As much as their enormous, natural gifts and intellect, inductees share a common love of Canada, invariably citing the ceremony as the greatest moment of their lives.

With James Cameron during his investiture as a Companion in February, 2024/MCpl Matthieu Racette, Rideau Hall ©OSGG

James Cameron, one of the world’s most creative film directors, was invested as a Companion of the Order in 2024. Responding to a compliment on the stylish black sweater under his suit jacket, Mr. Cameron admitted his choice was calculated — his iconic Order of Canada medal would stand out more against the black. That he had put so much thought into it was deeply touching.

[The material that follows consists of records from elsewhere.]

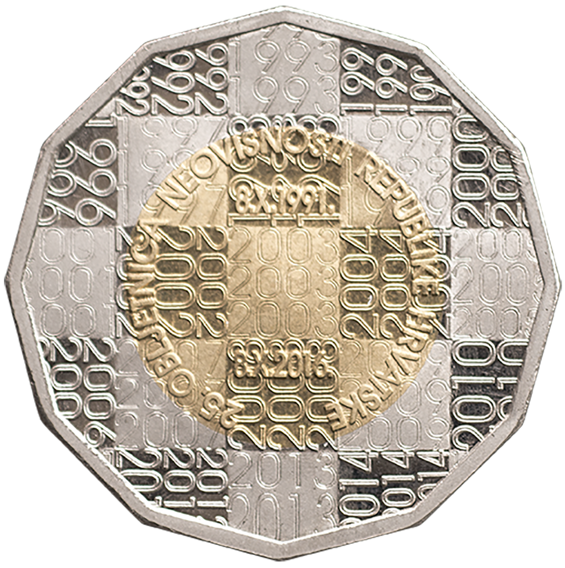 Motiv na licu: na plohi kovanog novca naizmjenični je prikaz svijetlih i matiranih kvadrata unutar kojih su u pozitivu i negativu ispisane godine, koje simboliziraju dvadesetpetogodišnje razdoblje neovisnosti Republike Hrvatske. Kružno uz rub jezgre ispisan je u pozitivu tekst »25. OBLJETNICA NEOVISNOSTI REPUBLIKE HRVATSKE«. Iznad središnjega kvadrata ispisan je u pozitivu datum »8.X.1991.«, a ispod središnjega kvadrata, također u pozitivu, datum »8.X.2016.«.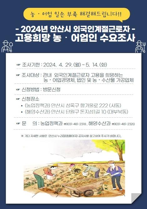 올해부터는 대부도 지역의 어업 분야 인력난을 해소하고자 어업 부분 고용을 확대한다. 시는 외국인 계절근로자의 지역사회 적응을 위해 ▲한국 생활에 필요한 기초 법·질서와 인권 및 성희롱 예방 교육 ▲건강·산재보험료 지원 ▲원활한 인력 관리시스템 지원 등 고용주와 근로자 간의 처우에 온 힘을 다할 계획이다.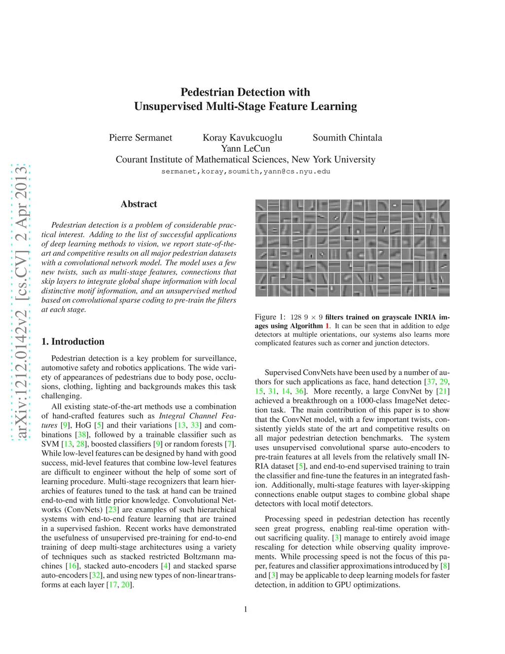 Pedestrian detection is a problem of considerable practical interest. Adding to the list of successful applications of deep learning methods to vision, we report state-of-the-art and competitive results on all major pedestrian datasets with a convolutional network model. The model uses a few new twists, such as multi-stage features, connections that skip layers to integrate global shape information with local distinctive motif information, and an unsupervised method based on convolutional sparse coding to pre-train the filters at each stage.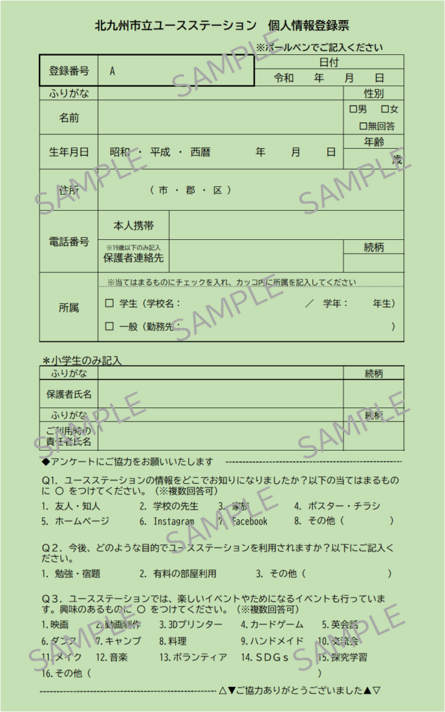 初めて来所した方は、個人情報登録票に個人情報をご記入ください。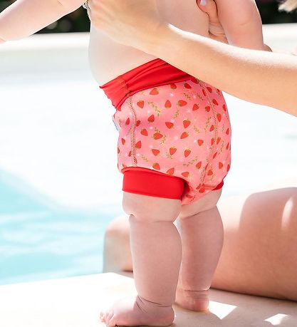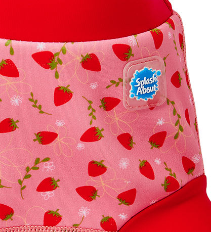 couche de natation Cute Splash About rose avec un joli imprimé de fraise dans de jolies couleurs. Le Couches de natation a de larges bords rouges.
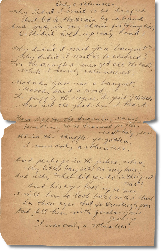 I am enclosing a piece of poetry written by one of the men in my company and I think there’s a bit of truth in it. I copied it while one of our officers was censoring the letter in which it was enclosed. Censoring, by the way, takes up a considerable portion of our time. It’s rather interesting to read other people’s love letters and messages home. Often times they are crude but the sincerity is right there.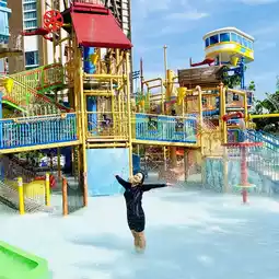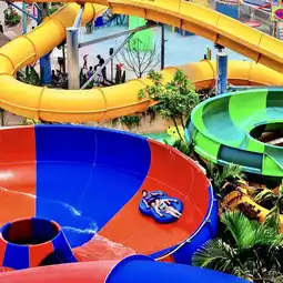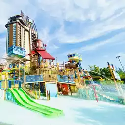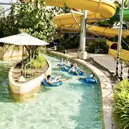 Water Jungle has many fun zones to choose from, such as the Boommerrango, Inner Tube, Rattler Super Bowl, the giant wave zone, the medium-sized slide zone waiting to collide with a large water tank pouring on us, it's extremely fun, or you can enjoy yourself in a relaxing way, lying on a rubber ring, watching the birds and trees, this is also happy. If you want to feel the breeze and enjoy the cool atmosphere, there are Beach Huts or Cabanas for rent in the water park area.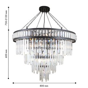 | Внешний вид: | | | Размеры: | высота: 75-213 см, диаметр: 80 см | | Материалы: | металл, хрусталь | | Цвета: | чёрный, прозрачный |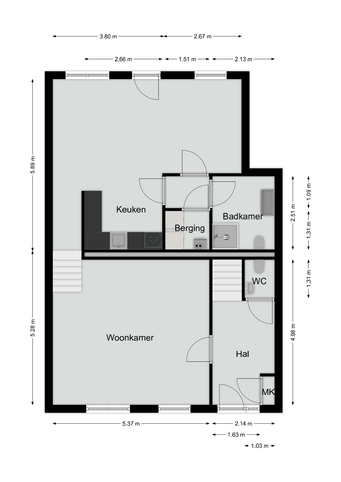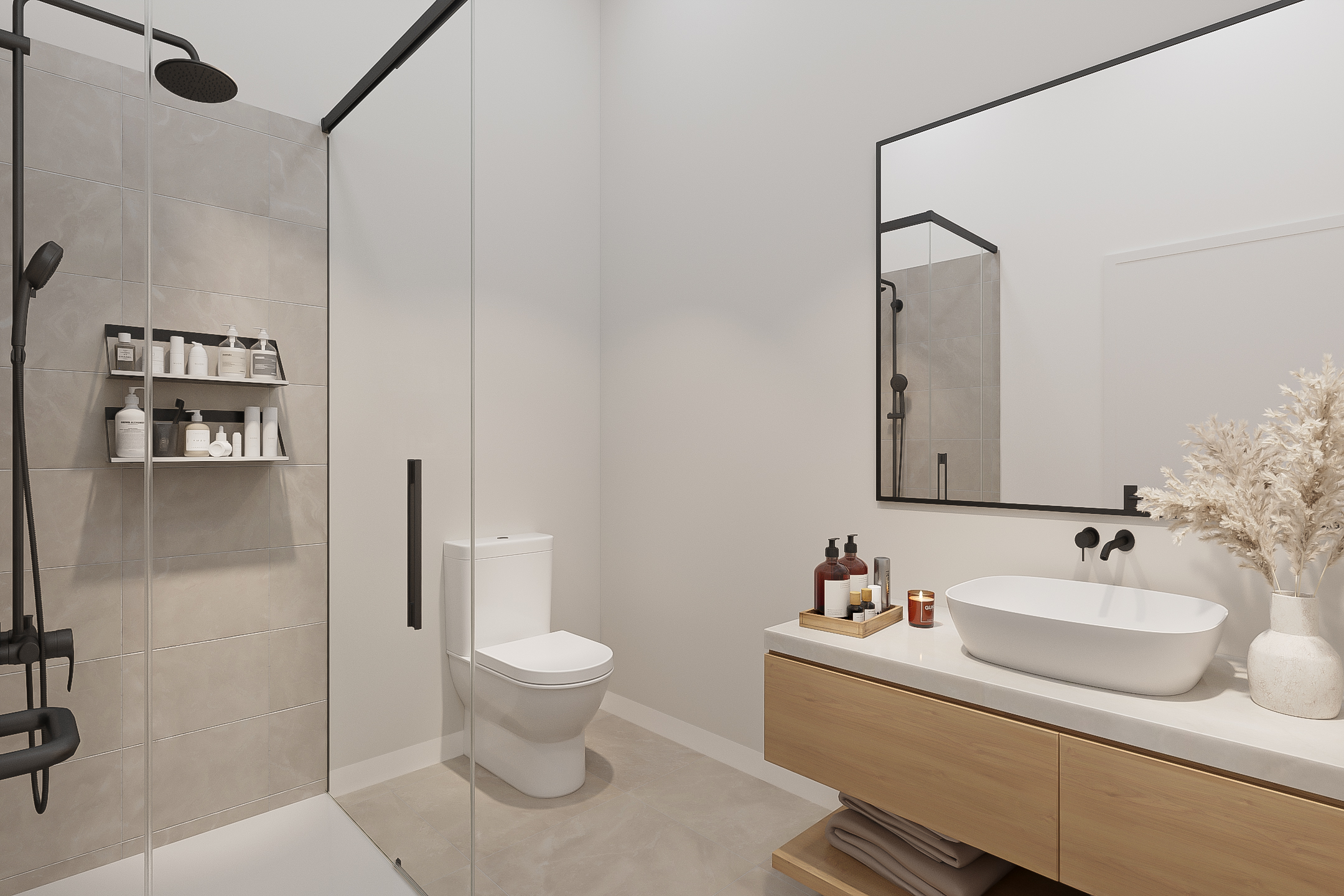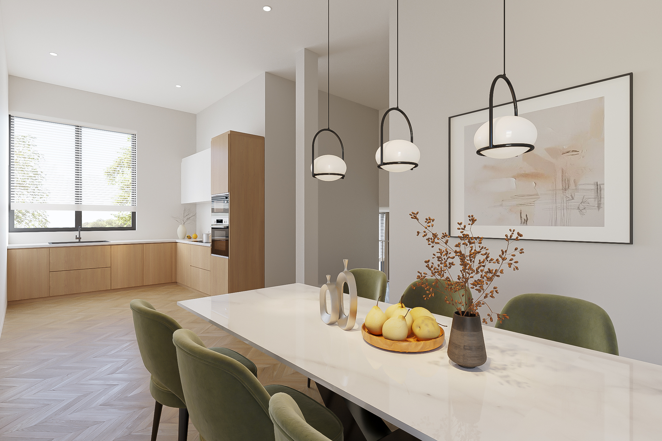 - Alle woningen worden aangeboden zonder aanbouwkeuken, tegelwerk en sanitair.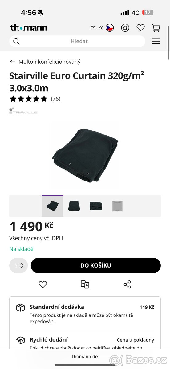 Jevištní molton opona. Nová!!! Černa latka ktera pohlcuje světlo a zvuk.. specifikace viz foto. Je uplne nova zabalena v krabici.. objednal jsem dvakrat a nestihl vratit ve 14denni lhute a navic je to nemecka firma co posila do česka a cele evropy.. takze ode ke ho mužete mít o chluo levněji plus zdarma přidam novou šnuru na pověšení v hodnotě 200lč.. celkem za vše 1400kc

The ceremony concludes with O Canada performed by a soloist, and everyone — especially those like me, a little older and a little stooped — stands a little straighter and a little taller.

There are always tears. Rarely does anyone feel the need to wipe them away.

Whit Fraser’s latest book, From Ragged Ass Road to Rideau Hall: Stories of Canada, will be released by Douglas and McIntyre in April 2026.